# WHAT YOU HAVE TO DO
A copy of the listing below is needed, exact in every line and without images.

# MATERIAL SUPPLIED
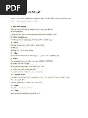 Rukun bermakna SYARAT_SAH solat. Wudhuk dan pergerakan solat 11. Dengan itu tidak lengkap dan tidak sah sesuatu solat itu jika tertinggal salah satu rukunnya.
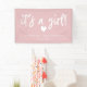 Bannière moderne en baby shower rose avec un script écrit à la main qui dit "c'est une fille !" avec un coeur en dessous. Customisez ce produit en ajoutant le nom et la date de l'événement de la future mère.
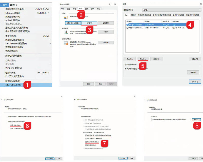 在电脑上打开Internet Explorer浏览器,然后打开浏览器的Internet 选项窗口。在内容标签下点击证书按钮。然后在证书窗口中选中刚才下载的、由CFCA签发的银联证书。点击导出按钮,在导出向导窗口中选择导出私钥,导出所有扩展属性,设置6位由数字和字母组成的密码,选择导出文件的保存地址和填写文件名,最后点击完成。(操作如下图所示)
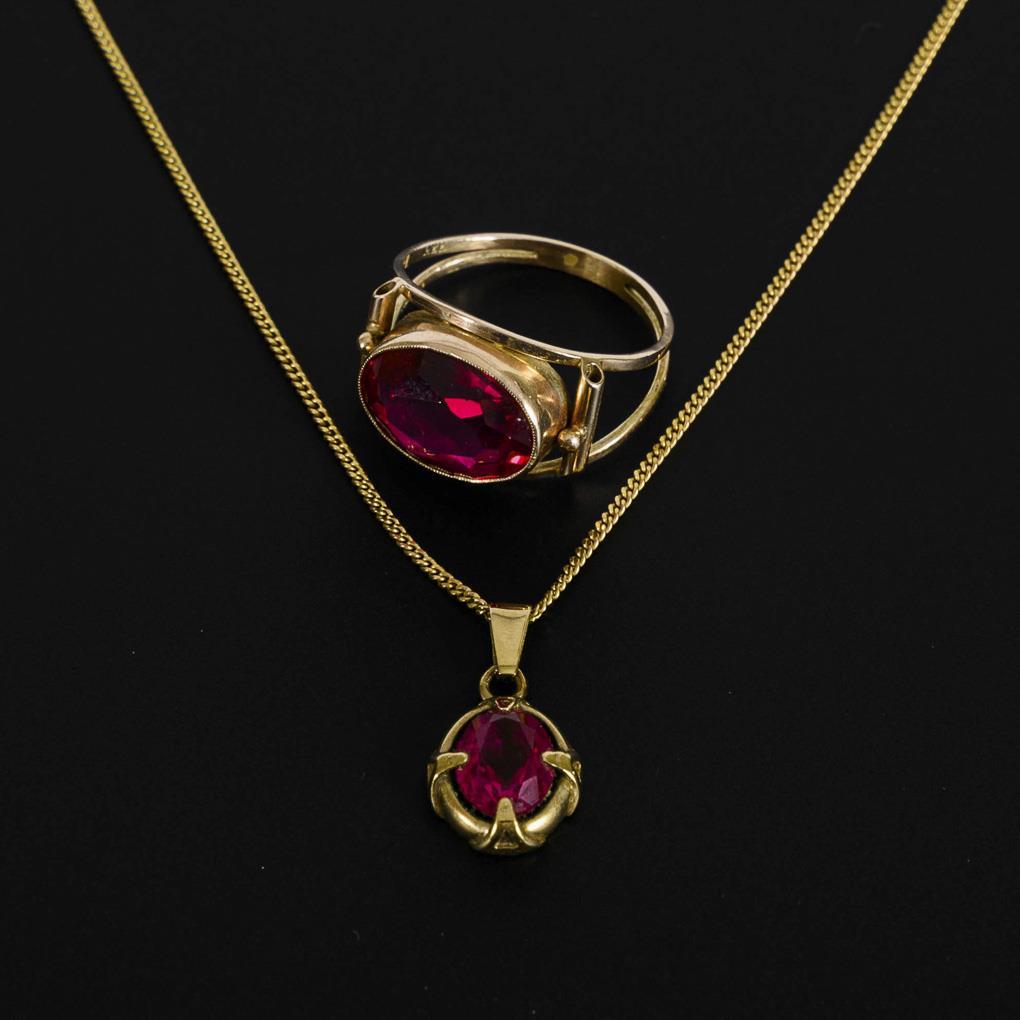 Gelbgold 333 gestempelt. Anhänger 1,2 x 1 cm. Kette L 50 cm. Ringgröße 60. 3,7/4,5 g.
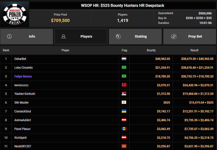Starke Zahlen lieferte wieder das $54 Bounty Hunters Daily Deepstack, bei 7.983 Entries wurde uuuuttttt Vierter für $10.762 + $4.405. Bei der %525Bounty Hunters HR Ausgabe waren es ebenso starke 1.419 Entries, der Luxemburger OskarBet holte den Sieg für $38.679 + $40.962. Felipe Ramos kam auf Rang 3 für $30.733 + $18.700.
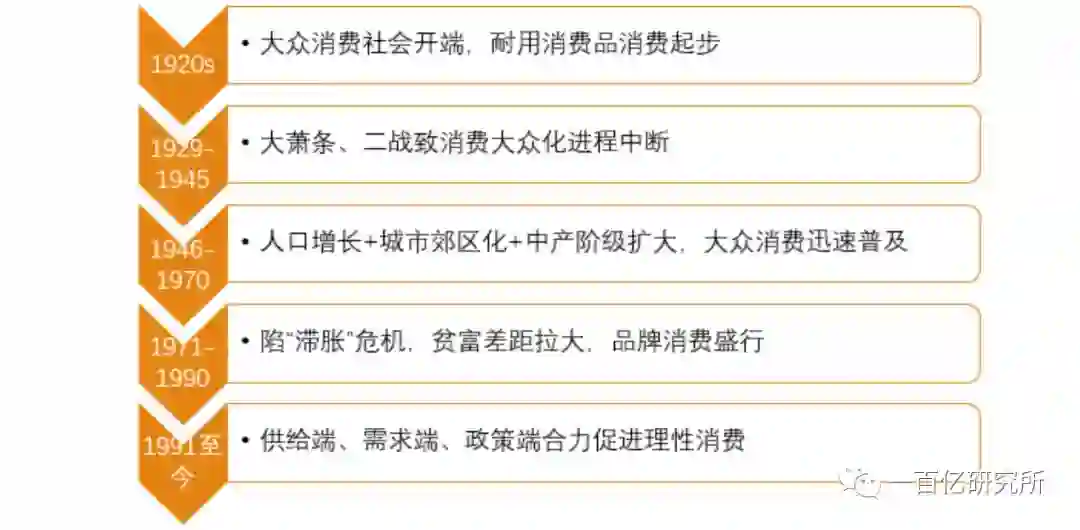 美国历史经验:从大众消费-品牌消费-理性消费,从商品消费-服务消费

# WRITTEN RESPONSE
 Rukun bermakna SYARAT_SAH solat. Wudhuk dan pergerakan solat 11. Dengan itu tidak lengkap dan tidak sah sesuatu solat itu jika tertinggal salah satu rukunnya.
 Bannière moderne en baby shower rose avec un script écrit à la main qui dit "c'est une fille !" avec un coeur en dessous. Customisez ce produit en ajoutant le nom et la date de l'événement de la future mère.
 在电脑上打开Internet Explorer浏览器,然后打开浏览器的Internet 选项窗口。在内容标签下点击证书按钮。然后在证书窗口中选中刚才下载的、由CFCA签发的银联证书。点击导出按钮,在导出向导窗口中选择导出私钥,导出所有扩展属性,设置6位由数字和字母组成的密码,选择导出文件的保存地址和填写文件名,最后点击完成。(操作如下图所示)
 Gelbgold 333 gestempelt. Anhänger 1,2 x 1 cm. Kette L 50 cm. Ringgröße 60. 3,7/4,5 g.
Starke Zahlen lieferte wieder das $54 Bounty Hunters Daily Deepstack, bei 7.983 Entries wurde uuuuttttt Vierter für $10.762 + $4.405. Bei der %525Bounty Hunters HR Ausgabe waren es ebenso starke 1.419 Entries, der Luxemburger OskarBet holte den Sieg für $38.679 + $40.962. Felipe Ramos kam auf Rang 3 für $30.733 + $18.700.
 美国历史经验:从大众消费-品牌消费-理性消费,从商品消费-服务消费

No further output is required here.